Model-Driven Performance Analysis of UML Design Models Based on Stochastic Process Algebra

The popular model-driven development (MDD) methodology strongly promotes a model-based approach to modular system development, which often implies as an integral part automatic transformation of UML design components into executable forms. When using MDD for verifying performance-related system specifications, UML designs annotated with these specifications in some profile language need to be transformed to stochastic (Markovian) models or timed simulation models. However, most of the previous efforts have focused on transformations of (variants of) UML state machine models and/or transformations to stochastic Petri net models, which lead to two problems: Relying (solely) on state machine models often restricts design flexibility (designers instead prefer choosing diagrams on a case-by-case basis), and graph-oriented Petri net models complicate the modular transformations of UML models.

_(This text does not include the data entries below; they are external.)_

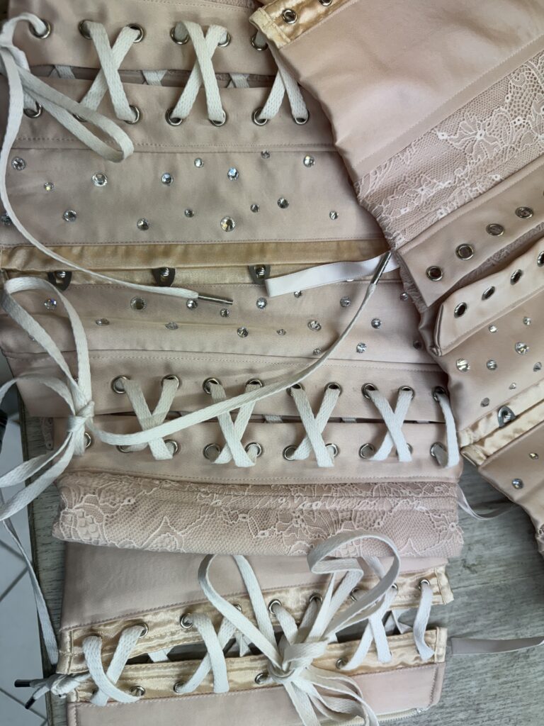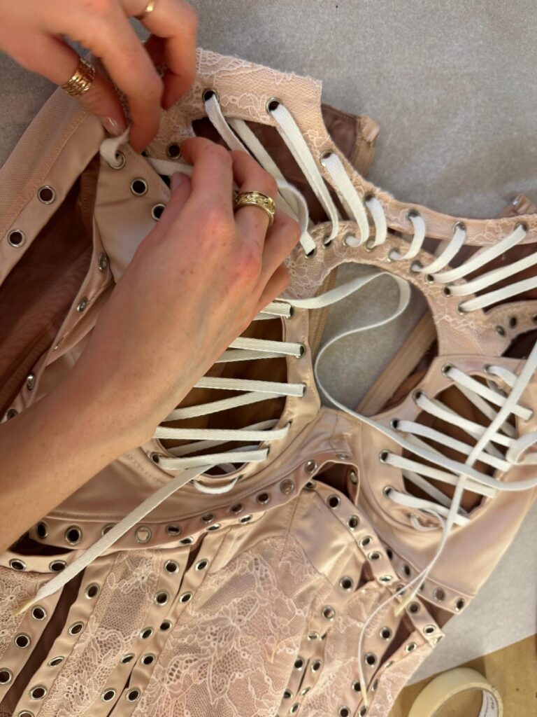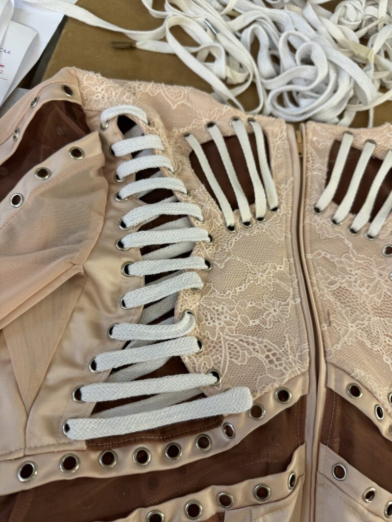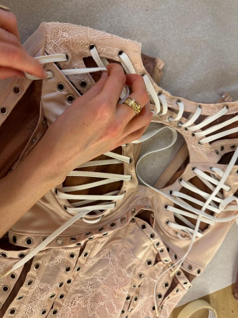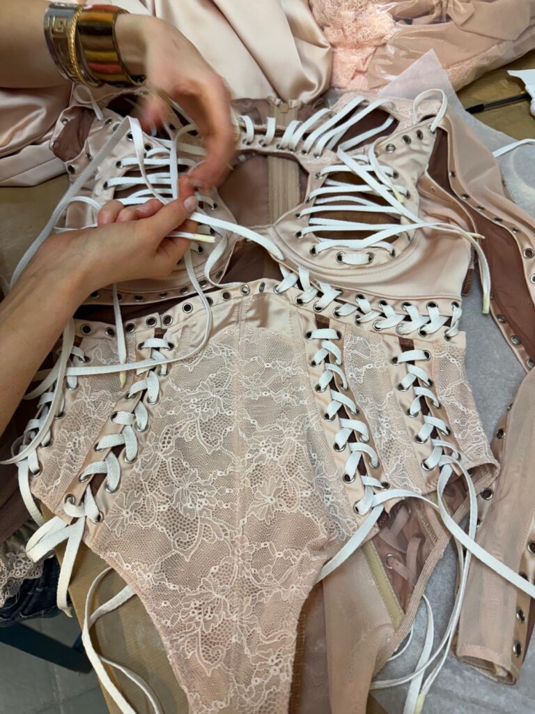 Le body a nécessité plus de 250 heures d’atelier : patronage 3D sur scan corporel, tissage de réseaux micro-élastiques invisibles pour supporter les grands écarts chorégraphiques, doublure respirante en satin stretch couleur peau pour évacuer la chaleur des quatre chandelles pyrotechniques qui encadrent le numéro « Birthday ». À l’intérieur, un QR-code brodé au fil d’argent authentifie la pièce et renvoie, backstage oblige, à une vidéo immersive du processus de création.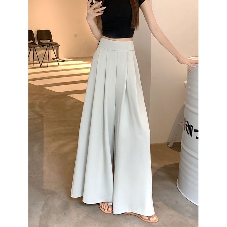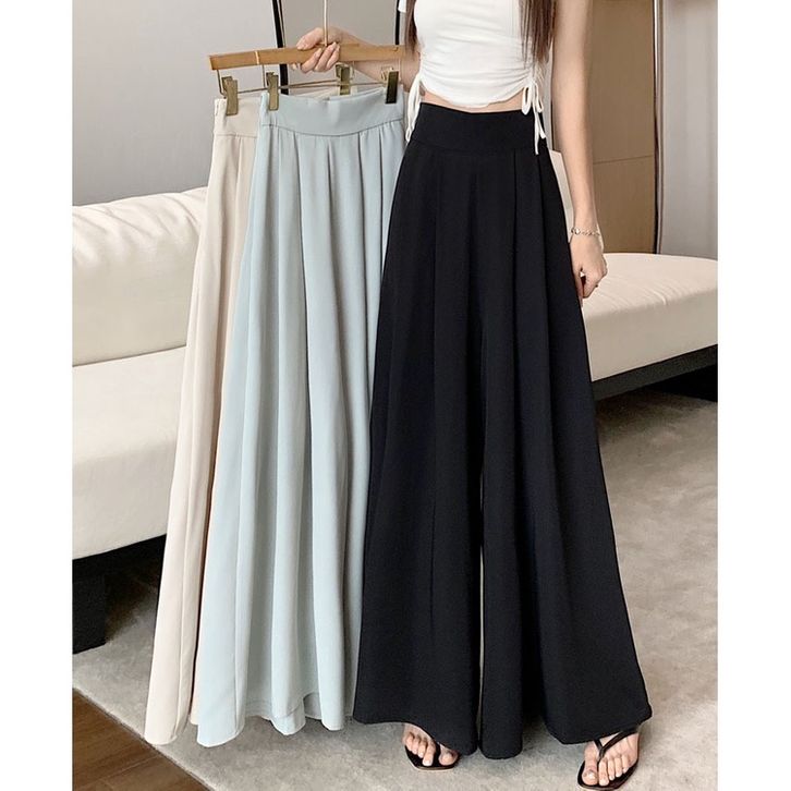 Celana Kulot Pinggang Tinggi Versi Korea, Celana Longgar Kasual Lebar Kaki, Celana Kulot Kasual Fashion Wanita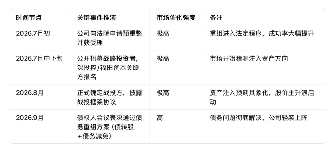 346- 现在算这个账最多看除权后股价多少,这个确实可以研究下,做个尽量准确的参考项。 但是,想要除权之前就涨跌多少,不现实的。 除权前股价多少,债权人没有资格也没有本事在意或者影响,因为已经谈好了转股价5,至于时间,猜去吧(不是嘲讽,是我们都不可能知道他们谈的结果)。 还是以大集做例子,刚好华闻跟大集还是能扯上点关系的(没记错财投里有牵扯) 大集战投价0.55,财投价在1出头跟1.5好像记不清了,债转股价是4,你可以去看下大集是什么时候拉倒4+用了多久,有一点不同是大集在这个阶段没有除权,是直接从破产账户里买的(海航的事儿牵扯太大、时间也久应该是前面除权过了)。 华闻比大集强的是,没有那么多大小窟窿要填、各方势力要平衡,所以大概率用不了那么久,还有高科技预期。 都熟人了,说点浪的,既然债转股的价钱定好了,基本上会到,什么时候到说不准,但一定会去。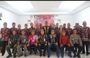 Bupati Kotim, H Halikinnor, bersama Sekda Kotim, Fajrurrahman, beserta jajarannya, saat foto bersama dengan para Damang yang ada di kotim, Kamis (2/3/2023).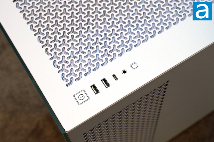All of the user-facing I/O is found on the top of the Corsair 3500X ARGB. This is lined up in one column of ports and buttons. At the very front is a square power button with a large power logo on it. This button illuminates white when the system is powered up. Next, there is a pair of USB 3.1 Type-A ports and one USB 3.2 Gen 2 Type-C port. Moving further up, there is a single combination 3.5mm audio jack for both headphone out and microphone in. Finally, there is a second smaller square reset button. Moving away from the I/O, you can see the top ventilation pattern. This stretches from front to back, and has a neat three-prong shape pattern. This pattern is consistent with the rest of the case. Underneath, you can peek and see there is a plastic mesh filter that is held in place by magnets.

To resolve these problems, we propose stochastic performance analysis of a UML design defined in different sorts of diagrams, including not only state machines but also activity diagrams with temporal annotation in UML-SPT, which are transformed into stochastic process algebraic forms. To our knowledge, this is the first attempt to define stochastic process algebraic semantics for the UML AD with UML-SPT annotations. Unlike the related efforts, ours will facilitate verification in early development stages, in which consultants and architects can benefit from modeling in a natural manner and modular component-based development, thanks to the inherent compositionality of process algebra. Further, to guarantee the validity of the transformation, we have proved the equivalence of our semantics with the stochastic Petri net semantics of UML AD. We have developed a prototype implementation of this performance analysis mechanism, and shown that realistic design examples, defined in different sorts of UML diagrams, can successfully be transformed into those that provide various performance metrics.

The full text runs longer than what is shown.